What follows is a list of blocks o different types convered to using Volk
Type conversion blocks
- gnuradio-core/src/lib/general/gr_char_to_float
- gnuradio-core/src/lib/general/gr_char_to_short
- gnuradio-core/src/lib/general/gr_complex_to_xxx
- gnuradio-core/src/lib/general/gr_float_to_char
- gnuradio-core/src/lib/general/gr_float_to_int
- gnuradio-core/src/lib/general/gr_float_to_short
- gnuradio-core/src/lib/general/gr_int_to_float
- gnuradio-core/src/lib/general/gr_short_to_char
- gnuradio-core/src/lib/general/gr_short_to_float
 
Filtering blocks
- gnuradio-core/src/lib/filter/gr_fft_filter_ccc
- gnuradio-core/src/lib/filter/gr_fft_filter_fff
- gnuradio-core/src/lib/filter/gri_fft_filter_ccc_generic
- gnuradio-core/src/lib/filter/gri_fft_filter_fff_generic
 
General math blocks
- gnuradio-core/src/lib/general/gr_add_ff
- gnuradio-core/src/lib/general/gr_conjugate_cc
- gnuradio-core/src/lib/general/gr_multiply_cc
- gnuradio-core/src/lib/general/gr_multiply_conjugate_cc
- gnuradio-core/src/lib/general/gr_multiply_const_cc
- gnuradio-core/src/lib/general/gr_multiply_conjugate_cc
- gnuradio-core/src/lib/general/gr_multiply_const_cc
- gnuradio-core/src/lib/general/gr_multiply_const_ff
- gnuradio-core/src/lib/general/gr_multiply_ff
 
Gengen to General
One thing that might confuse people who have previously developed in the guts of GNU Radio is how I moved some of the blocks from gengen to general. Many GNU Radio blocks perform some function, like basic mathematical operations on two or more streams, that behave identically from a code standpoint but which use different data types. These have been put into the gengen directory as templated files where a Python script is used to autogenerate the type-specific class. This was before Swig would properly handle actual C++ templates, so we were left doing it this way.

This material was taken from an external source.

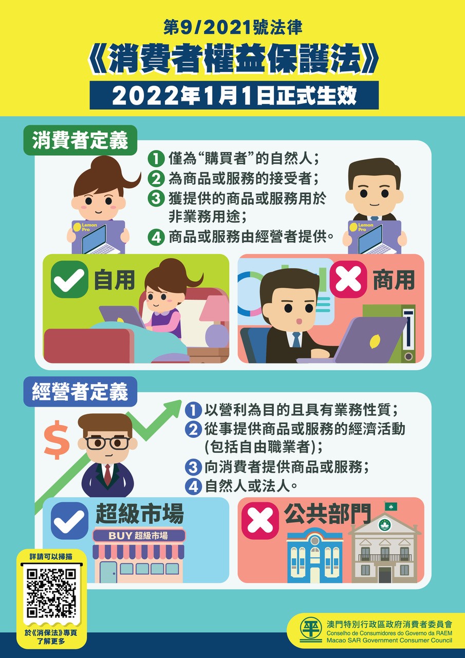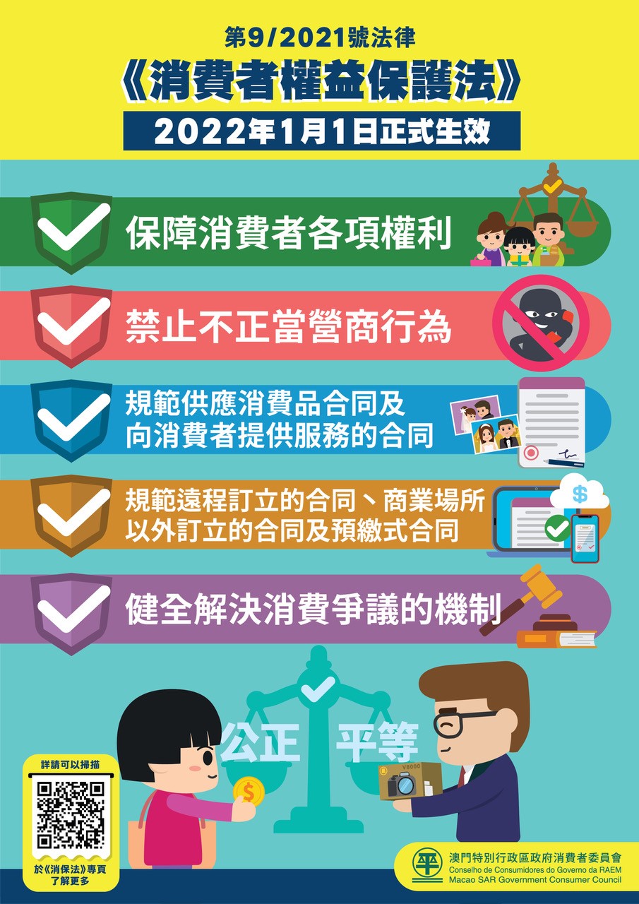 今(12)日出版的第28期《澳門特別行政區公報》第一組刊登第9/2021號法律《消費者權益保護法》,該法律於2022年1月1日起生效。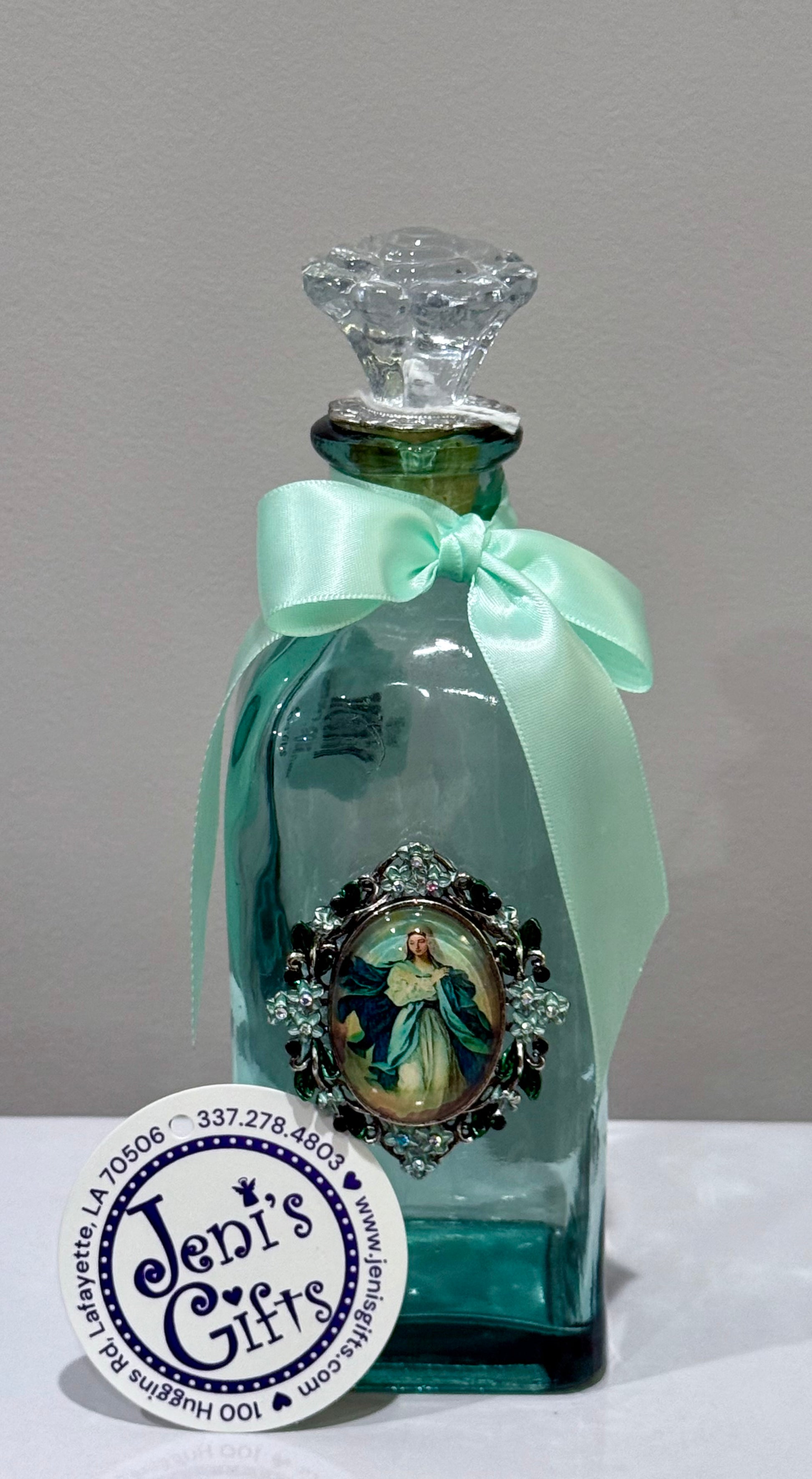 Holy Water Bottle in Light Green, Our Lady of Grace stands 8.5” tall, transparent glass bottle with bow and elegant topper.

Well, with Volk, we don't really have the option to template classessince the Volk call is highly specific to the data type used. So when moving certain math block for a specific type out of gengen, we went with the simple solution of removing that data type from the autogeneration scripts and placing it into general as a stand-alone block that can call the right Volk function. Good examples are the gr_multiply_cc and gr_multiply_ff blocks to see what I mean.
This really seems like the simplest possible answer to the problem. It maintains our block structure that we've been using for almost a decade now and keeps things clean and simple for both developers and users. The downside is some duplication of code, but with the Volk C functions, that is somewhat inevitable and not a huge issue to deal with.